▸ **Exercise details**:
Skip pictures in the listing below; copy exactly the lines from the one with "The kitchen has" through the one with "山东省2025年全国中学生化学竞赛初赛三等奖获奖名单", inclusive.

▸ **Records shown**:
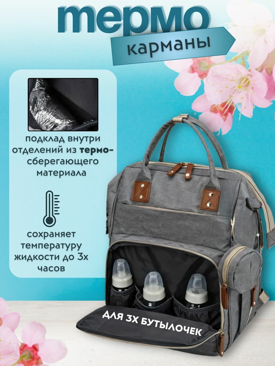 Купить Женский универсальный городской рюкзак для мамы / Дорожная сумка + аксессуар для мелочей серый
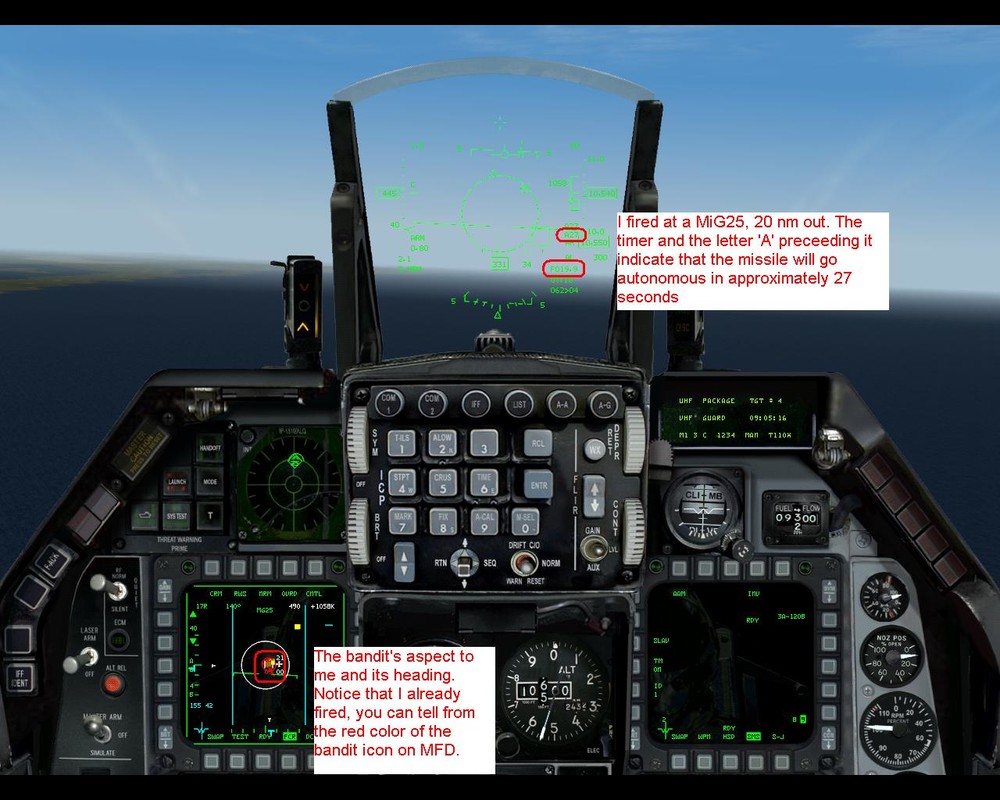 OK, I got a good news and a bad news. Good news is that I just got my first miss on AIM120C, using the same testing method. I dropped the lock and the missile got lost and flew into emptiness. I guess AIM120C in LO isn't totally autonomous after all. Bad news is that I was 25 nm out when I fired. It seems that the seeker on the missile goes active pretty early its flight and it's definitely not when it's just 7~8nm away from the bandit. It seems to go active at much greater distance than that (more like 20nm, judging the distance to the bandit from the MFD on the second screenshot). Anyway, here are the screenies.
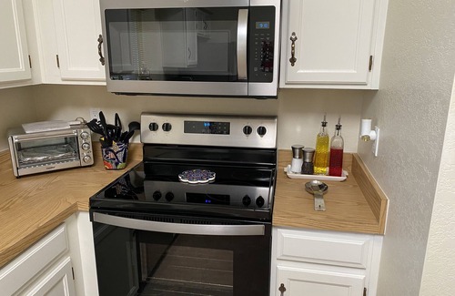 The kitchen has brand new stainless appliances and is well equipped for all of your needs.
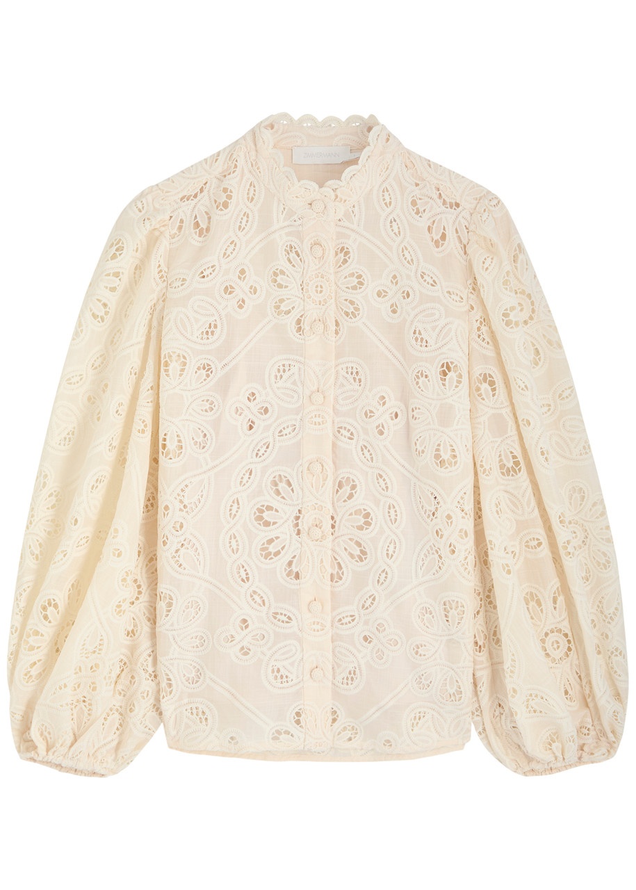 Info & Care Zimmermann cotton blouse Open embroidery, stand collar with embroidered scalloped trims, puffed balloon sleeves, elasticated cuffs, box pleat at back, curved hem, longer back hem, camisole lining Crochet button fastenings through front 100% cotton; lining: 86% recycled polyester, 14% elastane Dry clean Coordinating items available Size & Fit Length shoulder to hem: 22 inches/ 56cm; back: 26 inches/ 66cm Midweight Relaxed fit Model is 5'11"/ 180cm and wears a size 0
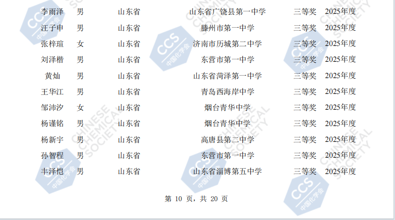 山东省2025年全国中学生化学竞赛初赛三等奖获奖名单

...

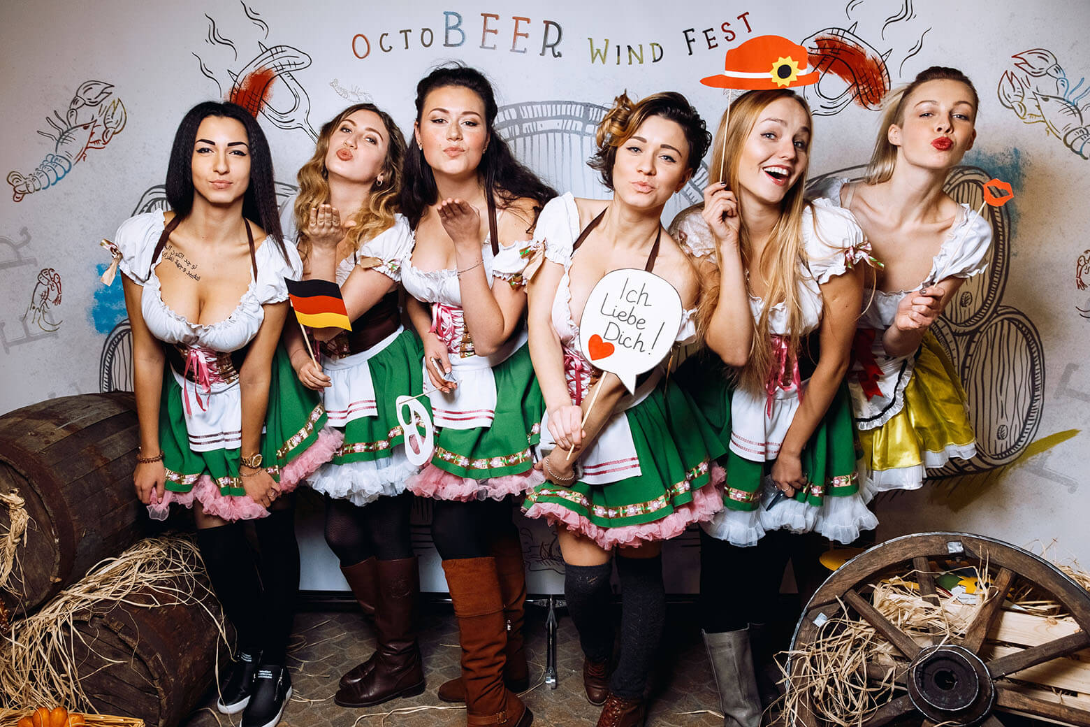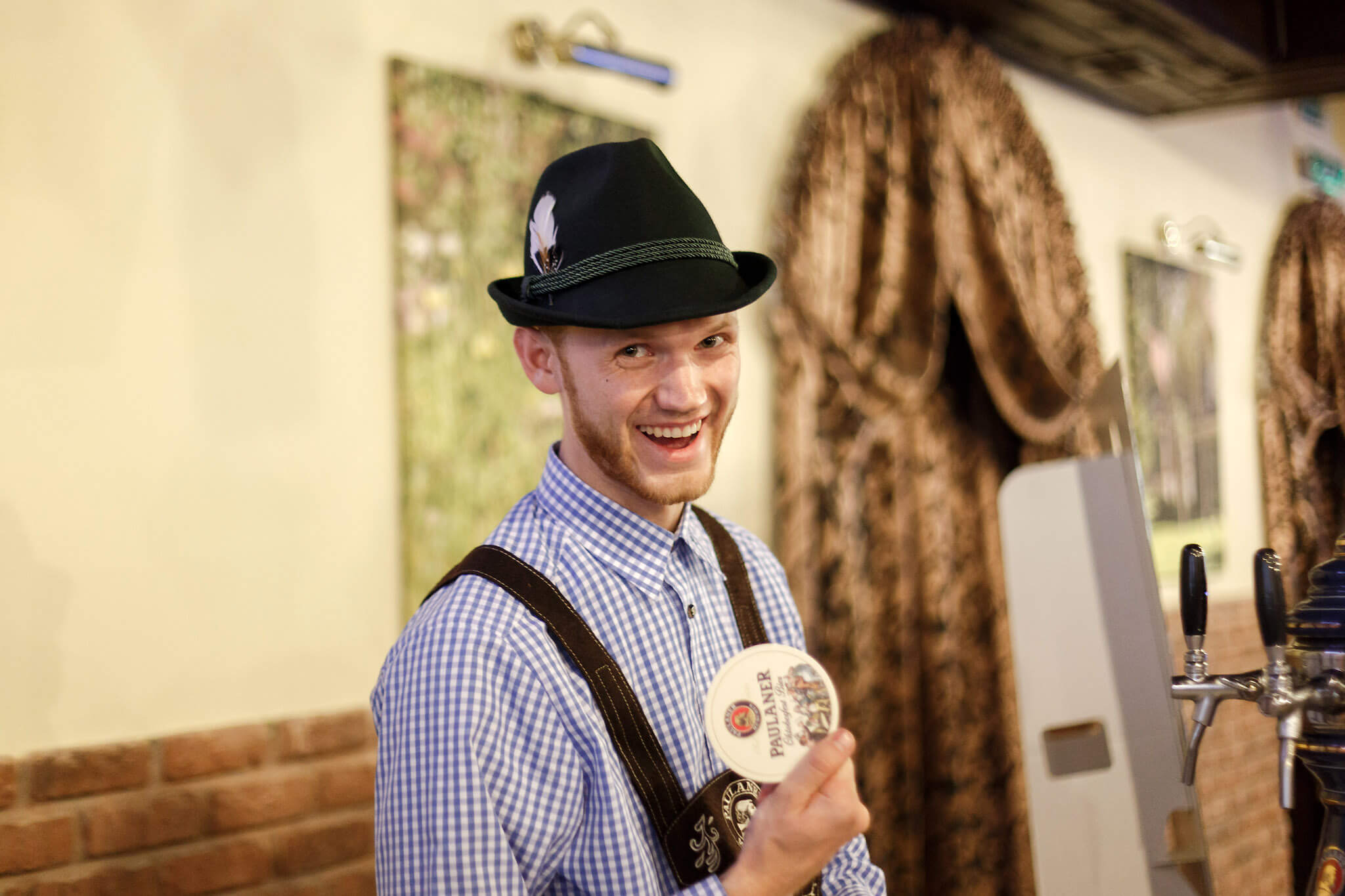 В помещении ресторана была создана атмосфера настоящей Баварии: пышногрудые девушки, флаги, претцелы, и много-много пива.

▸ **Answer box**:
 The kitchen has brand new stainless appliances and is well equipped for all of your needs.
 Info & Care Zimmermann cotton blouse Open embroidery, stand collar with embroidered scalloped trims, puffed balloon sleeves, elasticated cuffs, box pleat at back, curved hem, longer back hem, camisole lining Crochet button fastenings through front 100% cotton; lining: 86% recycled polyester, 14% elastane Dry clean Coordinating items available Size & Fit Length shoulder to hem: 22 inches/ 56cm; back: 26 inches/ 66cm Midweight Relaxed fit Model is 5'11"/ 180cm and wears a size 0
 山东省2025年全国中学生化学竞赛初赛三等奖获奖名单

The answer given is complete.